Step 4: Find the angle of the imaginary line $R$.
The angle of $R$ from the horizontal is:
$$
\theta = \tan^{-1}\left(\frac{Y}{X}\right)
$$
$$
\theta =
\tan^{-1}
\left(
\frac{6 + 10\sin\beta_3}
{24 - 10\cos\beta_3}
\right)
$$
Step 5: Use the triangle formed by sides 8, 12, and $R$.
The first two cable segments and the imaginary line $R$ form a triangle with sides:
$$
8,\quad 12,\quad R
$$
Let $\delta_1$ be the angle between the 8-m segment and $R$. Using the cosine law:
$$
\cos\delta_1 =
\frac{8^2 + R^2 - 12^2}{2(8)(R)}
$$
$$
\cos\delta_1 =
\frac{64 + R^2 - 144}{16R}
$$
$$
\cos\delta_1 =
\frac{R^2 - 80}{16R}
$$
Therefore:
$$
\delta_1 =
\cos^{-1}
\left(
\frac{R^2 - 80}{16R}
\right)
$$
Substitute the expression for $R$:
$$
\delta_1 =
\cos^{-1}
\left(
\frac{
(24 - 10\cos\beta_3)^2
+
(6 + 10\sin\beta_3)^2
-
80
}{
16
\sqrt{
(24 - 10\cos\beta_3)^2
+
(6 + 10\sin\beta_3)^2
}
}
\right)
$$
Step 6: Solve for $\delta_2$ using the same triangle.
Let $\delta_2$ be the angle between the 12-m segment and $R$. Again, using the cosine law:
$$
\cos\delta_2 =
\frac{12^2 + R^2 - 8^2}{2(12)(R)}
$$
$$
\cos\delta_2 =
\frac{144 + R^2 - 64}{24R}
$$
$$
\cos\delta_2 =
\frac{R^2 + 80}{24R}
$$
Therefore:
$$
\delta_2 =
\cos^{-1}
\left(
\frac{R^2 + 80}{24R}
\right)
$$
Substitute the expression for $R$:
$$
\delta_2 =
\cos^{-1}
\left(
\frac{
(24 - 10\cos\beta_3)^2
+
(6 + 10\sin\beta_3)^2
+
80
}{
24
\sqrt{
(24 - 10\cos\beta_3)^2
+
(6 + 10\sin\beta_3)^2
}
}
\right)
$$
Step 7: Express $\beta_1$ in terms of $\beta_3$.

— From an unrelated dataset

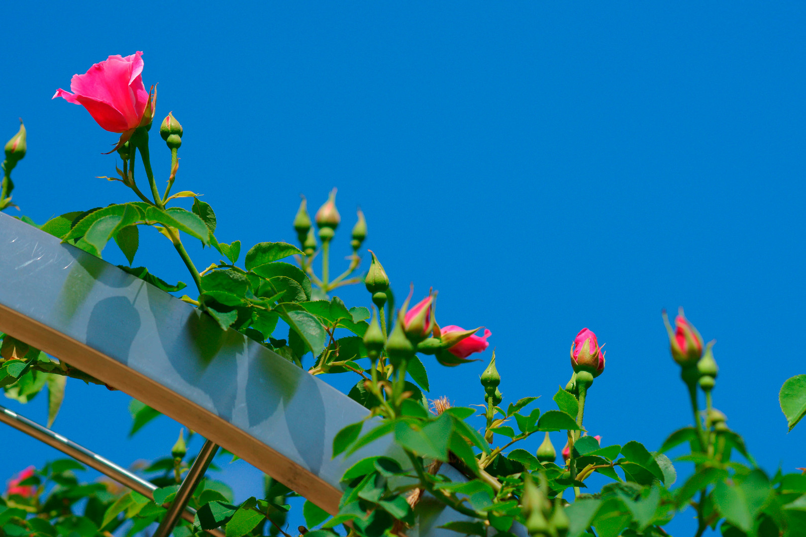 近所のバラ公園のバラが咲きはじめて、青空に向かって輝きはじめていました。

From the geometry of the triangle:
$$
\beta_1 = \theta + \delta_1
$$
Substitute the full expressions for $\theta$ and $\delta_1$:
$$
\beta_1 =
\tan^{-1}
\left(
\frac{6 + 10\sin\beta_3}
{24 - 10\cos\beta_3}
\right)
+
\cos^{-1}
\left(
\frac{
(24 - 10\cos\beta_3)^2
+
(6 + 10\sin\beta_3)^2
-
80
}{
16
\sqrt{
(24 - 10\cos\beta_3)^2
+
(6 + 10\sin\beta_3)^2
}
}
\right)
$$
Step 8: Express $\beta_2$ in terms of $\beta_3$.
From the same geometry:
$$
\beta_2 = \theta - \delta_2
$$
Substitute the full expressions for $\theta$ and $\delta_2$:
$$
\beta_2 =
\tan^{-1}
\left(
\frac{6 + 10\sin\beta_3}
{24 - 10\cos\beta_3}
\right)
-
\cos^{-1}
\left(
\frac{
(24 - 10\cos\beta_3)^2
+
(6 + 10\sin\beta_3)^2
+
80
}{
24
\sqrt{
(24 - 10\cos\beta_3)^2
+
(6 + 10\sin\beta_3)^2
}
}
\right)
$$
Step 9: Derive the force equation.
At the joints, the loads are vertical only. Therefore, the horizontal component of tension is
the same in all cable segments. Let this common horizontal component be $H$.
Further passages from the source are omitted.